His blood boiling, Piers left the room before the sentence was
finished.
Had he obeyed his conscience, he would have followed the coffin in
the clothes he was wearing, for many a time he had heard his father
speak with dislike of the black trappings which made a burial
hideous; but enforced regard for public opinion, that which makes
cowards of good men and hampers the world's progress, sent him to
the outfitter's, where he was duly disguised. With the secret tears
he shed, there mingled a bitterness at being unable to show respect
to his father's memory in such small matters. That Jerome Otway
should be buried as a son of the Church, to which he had never
belonged, was a ground of indignation, but neither in this could any
effective protest be made. Mute in his sorrow, Piers marvelled with
a young man's freshness of feeling at the forms and insincerities
which rule the world.
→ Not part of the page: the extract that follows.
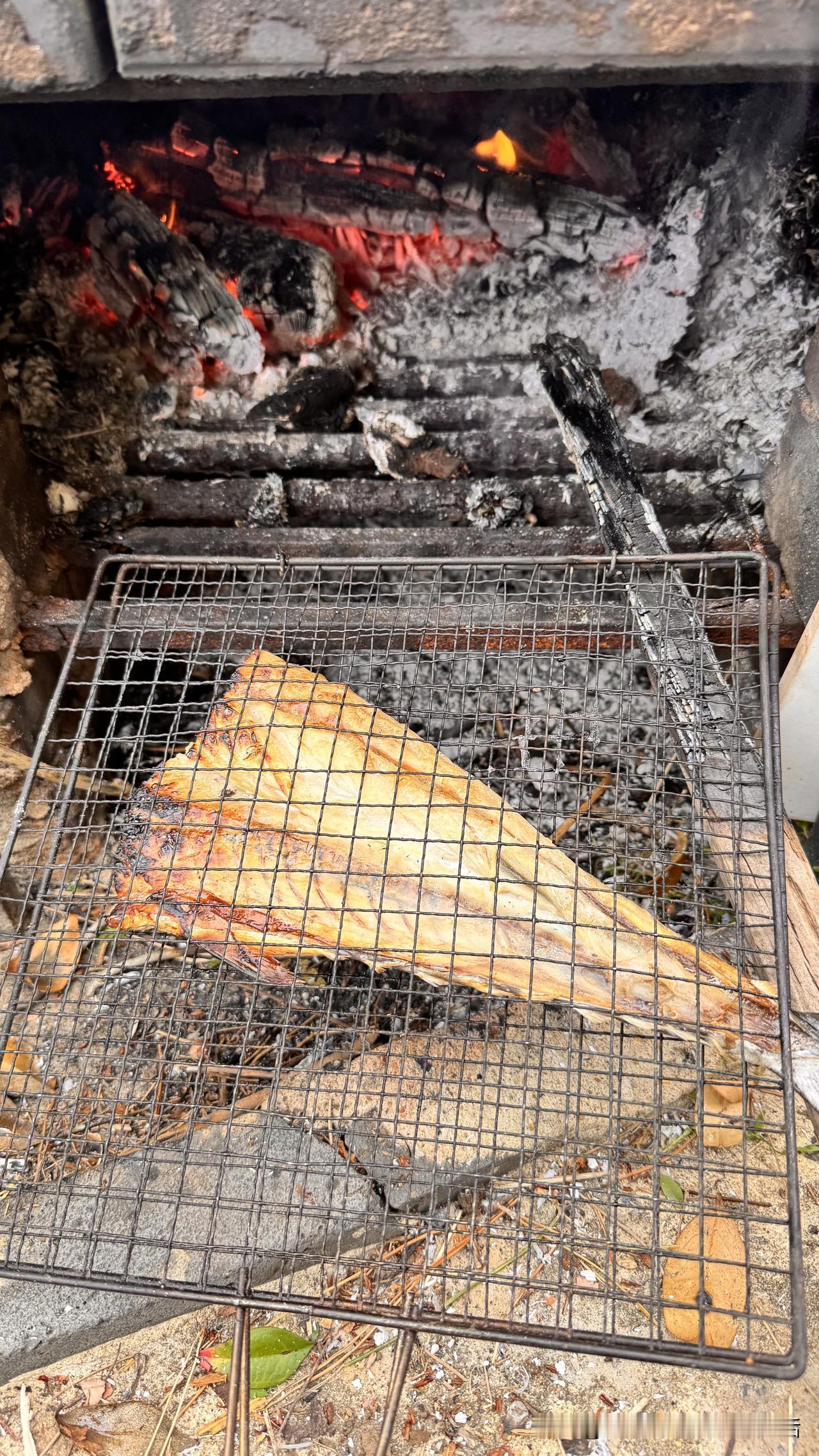 小鸡炖蘑菇要想吃的尽兴,得需海鲜搭配,烤了半条自家晾晒的甜晒鲅鱼。鱼香肉香相交织,滋味才能更醇厚绵长。

He had a miserable sense of his helplessness
amid forces which he despised.
On the day of the inquest arrived Daniel Otway, Piers having
telegraphed to the club where he had seen his brother three years
ago. Before leaving London, Daniel had provided himself with solemn
black, of the latest cut; Hawes people remarked him with curiosity,
saying what a gentleman he looked, but whispering at the same time
rumours and doubts; for the little town had long gossiped about
Jerome, a man not much to its mind.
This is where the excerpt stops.